J&K Assembly dissolution: Mehbooba Mufti checks rebellion in PDP camp with abortive bid to form government
The abortive bid by Mehbooba Mufti to form the government in Jammu and Kashmir has given her party a leg up in the state.
The National Conference (NC) and Congress have slammed Jammu and Kashmir governor Satya Pal Malik over the dissolution of the state Assembly. However, the statements of the two parties in the aftermath of the decision have raised doubts on whether the grand alliance of the NC, Congress and PDP would have lasted for long in the state.
The decision of former chief minister Mehbooba Mufti to stake claim for government formation has, however, prevented a split in her party and could even notch up the electoral prospects of the PDP.
The governor dissolved the Assembly after claiming that he had received reports of horse-trading, and expressed fears that such a government would not have been stable. Following this, former chief minister Ghulam Nabi Azad said that the PDP's proposal to form the government was "only at a suggestion stage."
“There was no final decision on the formation of the government. We had sought a meeting on 23 November on the suggestion,” said Azad.
However, the abortive bid by Mufti to form the government has given her party a leg up in the state. Mufti wrote a letter to the governor claiming the support of both the Congress and NC for government formation, even when the other two parties had said that the final shape of the coalition government had not been worked out.
On Wednesday, senior PDP leader Altaf Bukhari was not forthcoming about the details which had been worked out on the formation of an alliance.
Though Bukhari was believed to have met Abdullah to discuss the alliance, he said, “It was an absolutely non-political meeting.

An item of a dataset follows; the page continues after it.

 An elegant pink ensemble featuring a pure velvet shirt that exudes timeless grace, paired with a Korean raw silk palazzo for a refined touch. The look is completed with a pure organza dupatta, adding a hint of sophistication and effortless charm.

I had called on him on Eid-e-Milad-un Nabi to wish him.” He, however, said that the NC, Congress and PDP have agreed to form the coalition to defend the special identity of the state “politically and legally.”

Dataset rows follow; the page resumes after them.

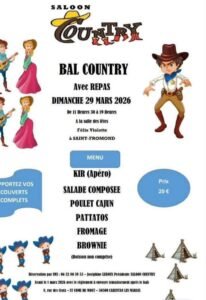 Le Dimanche 29 Mars 2026, Après Midi Bal Country avec Repas, de 11h30 à 19h00, Salle des Fetes Félix Violette, à St Fromond (50620), Manche.
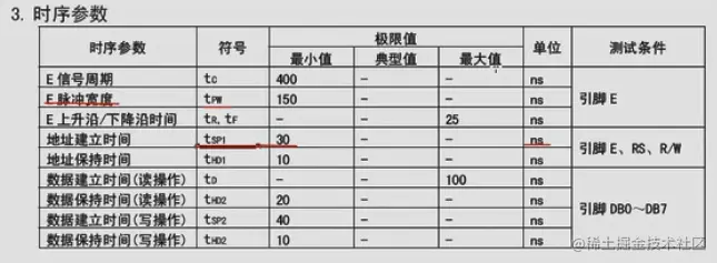 我们只看写的,首先RS,RW变低,过一段时间,再给E一个高脉冲,持续一段时间,再拉为低电平,持续一段时间,再将RS、RW变回高。具体写程序再看。
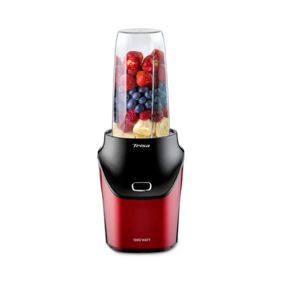 The Trisa Nutri Blender “Energy Boost” in red is a compact and powerful personal blender designed for quick and efficient blending. It features a 600 W motor and operates at speeds up to 22,000 RPM, making it ideal for preparing smoothies, shakes, and purees. The blender comes with a 600 ml BPA-free Tritan bottle, perfect for on-the-go use. Its compact design ensures easy storage, and all removable parts are dishwasher safe for convenient cleaning.
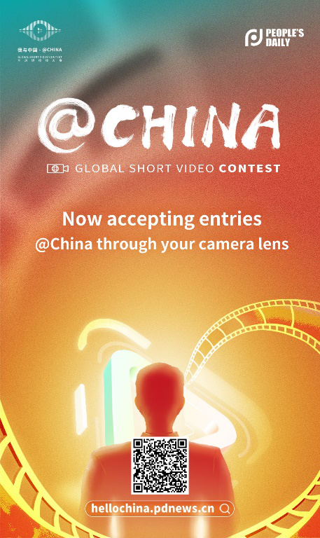 The "@China" global short video contest, sponsored by the People's Daily, is underway. The contest is accepting work from short video creators, enthusiasts, and vloggers worldwide from June 18 to August 15. Candidates can enter by logging on to the contest's official website (hellochina.pdnews.cn) and submit a 3-minute or less video.
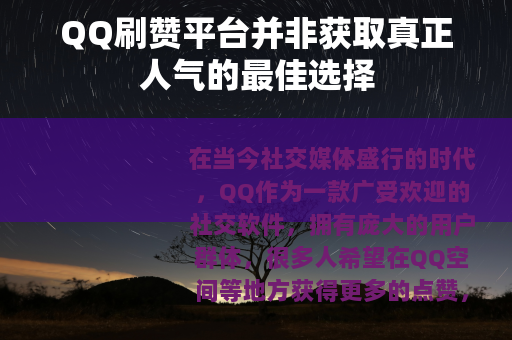 在当今社交媒体盛行的时代,QQ作为一款广受欢迎的社交软件,拥有庞大的用户群体,很多人希望在QQ空间等地方获得更多的点赞,以展示自己的人气和影响力,于是QQ刷赞平台应运而生,我们需要理性看待这些所谓的刷赞平台,明白它们并非是实现目标的理想途径。

However, Mufti's claim to form the government has checked the rebellion within the PDP, and has also given the party ammunition to take on the BJP.
PDP chief spokesperson Rafi Ahmad Mir, in response to a tweet on the dissolution of the Assembly, described the action of the governor as an “unconstitutional move in haste that is nothing but abuse of constitutional powers.”
Abdullah said that the NC's support to the PDP helped the latter party. “People were telling us that we were giving a new life to the PDP. We knew that the support to the PDP would have caused a major loss to the NC, but we set aside the interests of our party and thought about the interests of our state only,” he said.
The claim for government formation will also make the NC’s attacks on the PDP for running an alliance with the BJP less convincing.
Instead, the flurry of activity both prior to and after the dissolution of the Assembly has thrown up a new political alignment in the state. It is for the first time that two regional rival parties, NC and PDP, have come together. In the wake of a tie-up between the BJP and the People’s Conference and the saffron party’s inroads in Kashmir, the new rallying slogan for political parties in the state seems to be to preserve Jammu and Kashmir's special political status, and also keep the BJP away from power.
Congress state vice-president GN Monga said that the party "will fight to preserve the special status of the state." He asserted, "We will never allow the BJP to make inroads in the state. We will fight for the protection of Article 35A, as it was the Congress which gave the provision to the state.”